ABSTRACT Chelation therapy, a treatment long undervalued by conventional medicine, has been used by alternative medicine practitioners to alleviate various metabolic toxicities. In particular, there has been significant controversy around its use in patients with coronary artery disease.
We performed a focused review of the recent National Institute of Health (NIH) trial to investigate the role of chelation therapy in the treatment of patients with coronary artery disease. The study was the first randomized, factorial trial (n=1708) in patients with coronary artery disease, already receiving standard, guideline-approved treatment. Patients were randomized to EDTA chelation therapy with or without oral multivitamin multimineral supplement (OMVM).
The trial showed that EDTA chelation reduced the primary endpoint (a composite of total mortality, recurrent myocardial infarction, stroke, coronary revascularization, or hospitalization for angina) by 18% overall (95% confidence interval [CI]: 1–21%).

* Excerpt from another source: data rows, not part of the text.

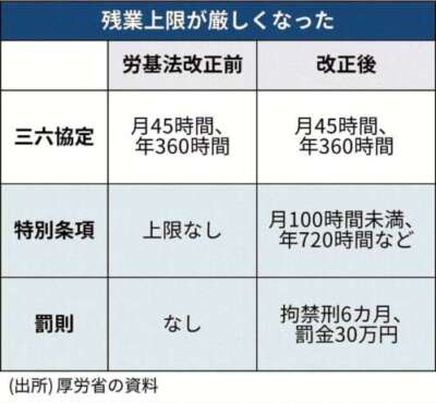 それまで大規模なクレームや製品トラブルへの対応などは「特別条項」を結べば上限なしで働けましたが、特別条項があっても月100時間未満、年720時間までとしました。
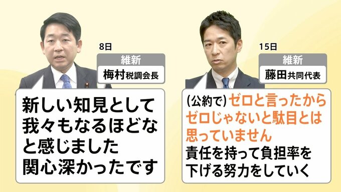 さらに、最近になって維新の藤田共同代表も「(公約で)ゼロと言ったからゼロじゃないと駄目だとは思っていません。責任を持って負担率を下げる努力をしていく」と少しずつ柔軟な姿勢を見せるようになってきています。
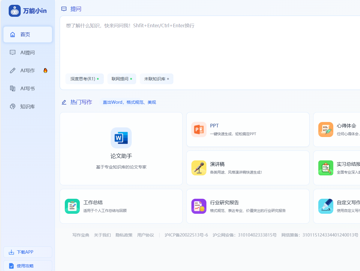 万能小in是一款基于人工智能技术开发的智能助手应用,主打“全能型创作与效率工具”定位,旨在通过AI能力帮助用户高效完成文字创作、内容生成、学习辅助等任务。以下是其核心特点与功能介绍:
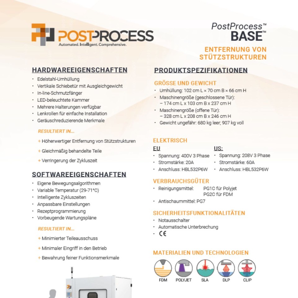 Suchen Sie nach einer skalierbaren Lösung für die Nachbearbeitung großer Mengen von FDM/FFF-Komponenten mit löslichen Trägern? Der PostProcess® BASE™ ist die größte automatisierte Lösung, die speziell für diese Bauteile entwickelt wurde!
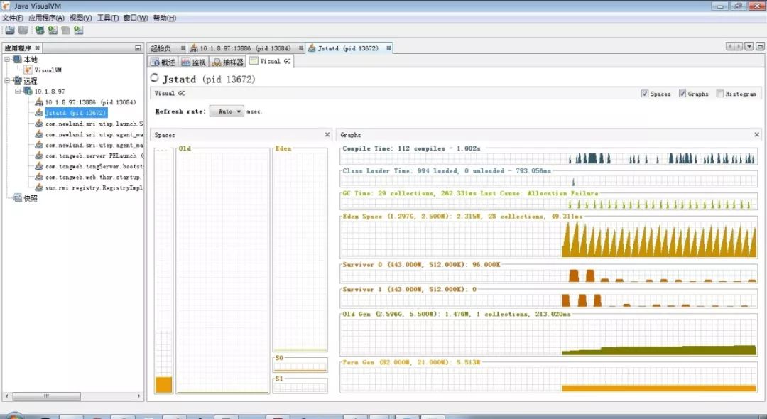 Jstatd是一个基于RMI(Remove Method Invocation)的服务程序,它用于监控基于HotSpot的JVM中资源的创建及销毁,并且提供了一个远程接口允许远程的监控工具连接到本地的JVM执行命令。可以实时显示本地或远程JVM进程中类装载、内存、垃圾收集、JIT编译等数据。
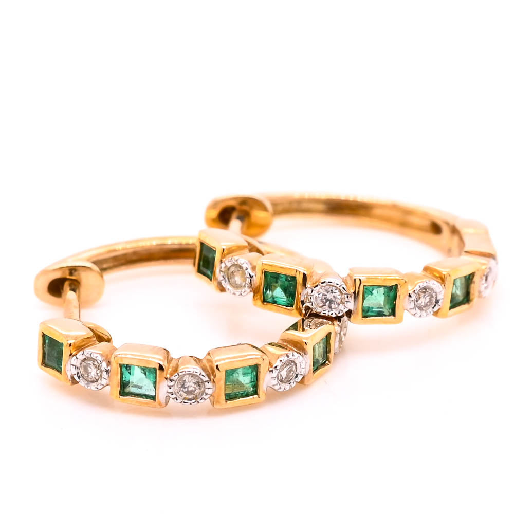 10KT Yellow Gold 14mm 0.15CTW Emerald & Diamond Huggies Earrings.
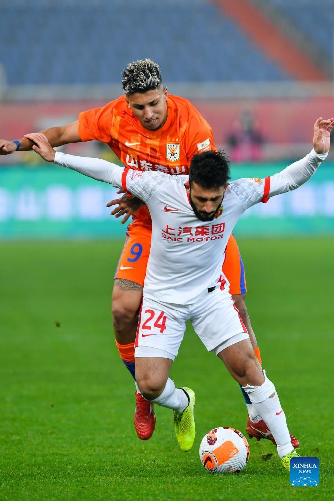 Crysan (top) of Shandong Taishan vies with Matias Vargas of Shanghai Port during their 2022 season Chinese Football Association Super League (CSL) match in Jinan, capital of east China's Shandong Province, Oct. 30, 2022. (Xinhua/Zhu Zheng)
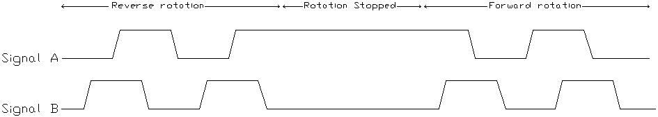 First, what is a quadrature encoding sensor. An encoding sensor is a collection of switches, either mechanical, optical, or magnetic that indicate the angular position of a shaft. These types of encoders usually have between 16 and 512 positions per revolution. Some encoders produce an absolute binary or Gray's coded position output. The one used in this example is a relative position sensor that produces a quadrature output. The output waveforms look as shown below. When the sensor rotates in one way, signal A's phase leads signal B's, when the sensor rotates the other way, signal B's phase leads signal A's. The sensor electronics need to watch these two signals to increment or decrement a counter. We assume the motor and mechanical inertia of the system prevent the signals from changing too fast. This is a reasonable assumption when the motor's output shaft is geared down. If there are more than 20 phases per second per signal, dedicated electronics are needed to count the position.
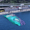 Trendyol 1. Lig 2024-2025 sezonu şampiyonu Kocaelispor’un dev bayrağı, Kocaeli Büyükşehir Belediyesi tarafından Fatih Sultan Mehmet Köprüsü’ne asıldı.
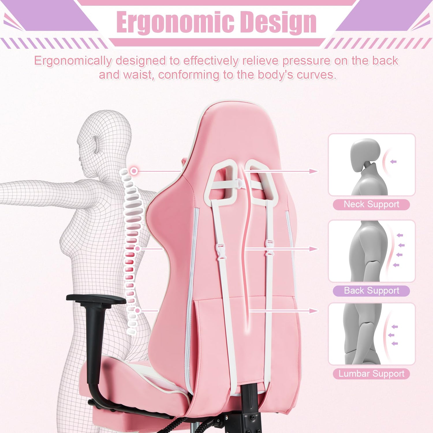 ECOTOUGE PC Gaming Chair Massage Ergonomic Office Desk Chair Racing PU Leather Recliner Swivel Rocker with Headrest and Lumbar Pillow, Pink-White
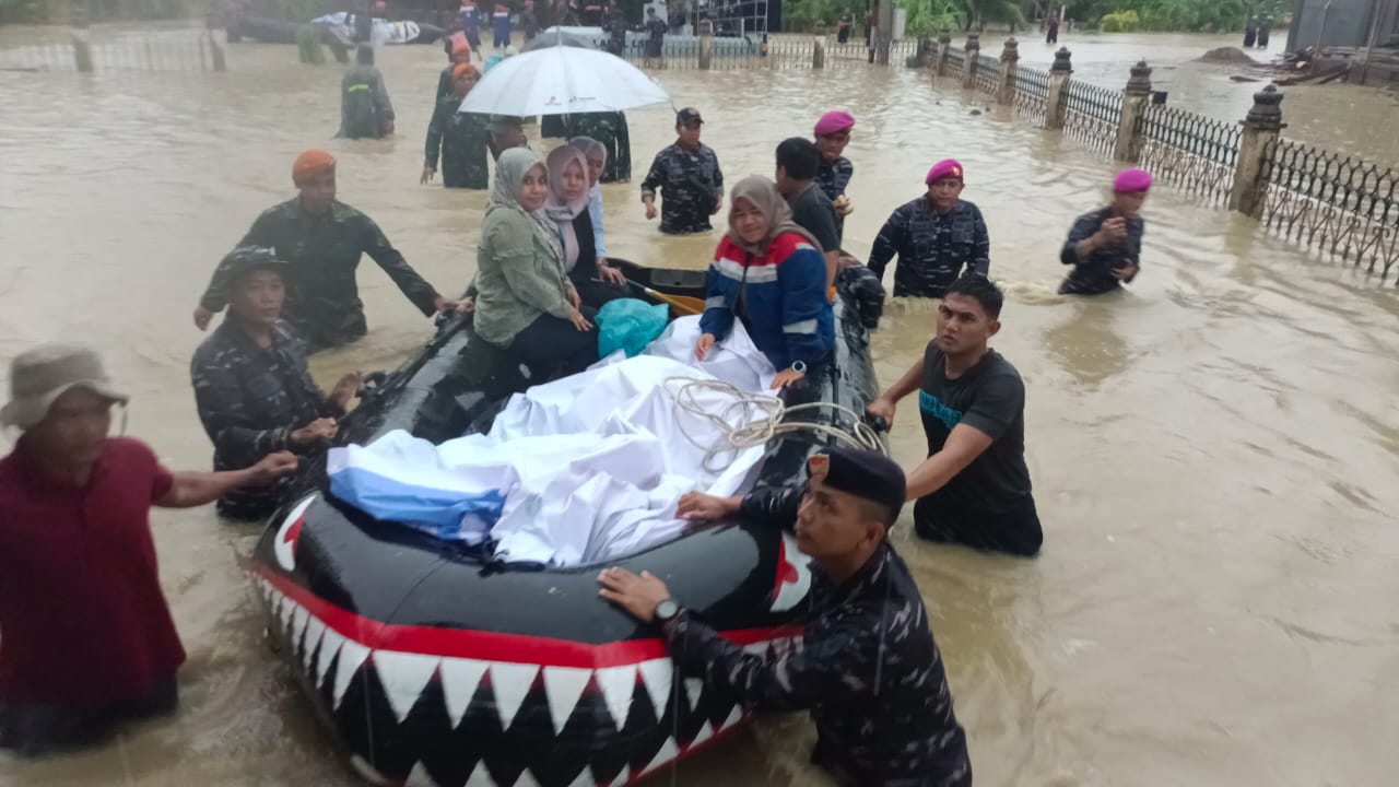 ACEH UTARA– Pangkalan TNI Angkatan Laut (Lanal) Lhokseumawe bersama Kipan B Yonko 469 Kopasgat melaksanakan penanggulangan banjir yang merendam Kabupaten Aceh Utara meluas ke 12 kecamatan. Banjir menyebabkan Ibukota Aceh Utara terendam serta 18.160 warga mengungsi ke sejumlah titik lebih tinggi.
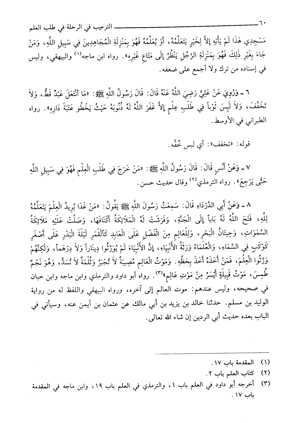 147 - وَرُوِيَ عَن عَليّ رَضِي الله عَنهُ قَالَ قَالَ رَسُول الله صلى الله عَلَيْهِ وَسلم مَا انتعل عبد قطّ وَلَا تخفف وَلَا لبس ثوبا فِي طلب علم إِلَّا غفر الله لَهُ ذنُوبه حَيْثُ يخطو عتبَة دَاره
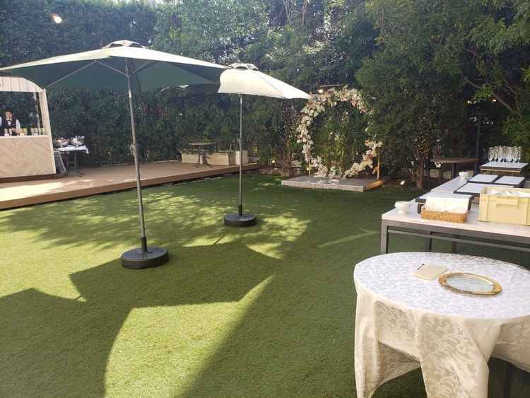 披露宴会場の天井が高くプライベートガーデンもありとても開放的な雰囲気だと感じました。青いヴァージンロードが印象的でした。

This benefit was increased by addition of OMVM (26% relative reduction; 95% CI: 5–23%), and the effect was most pronounced in patients with diabetes: 51% (95% CI: 25–67%) relative reduction for chelation with, and 41% (95% CI: 21–56%) without OMVM, respectively.
Chelation therapy, recently evaluated in the NIH trial of patients with coronary artery disease, has been given a class IIb (may be beneficial) designation by the American College of Cardiology Chronic Ischemic Heart Disease Guidelines. The positive and significant impact of chelation therapy on morbidity and mortality of patients already receiving standard contemporary treatment is pivotal to the advancement of chelation therapy into the mainstream of coronary artery disease treatments.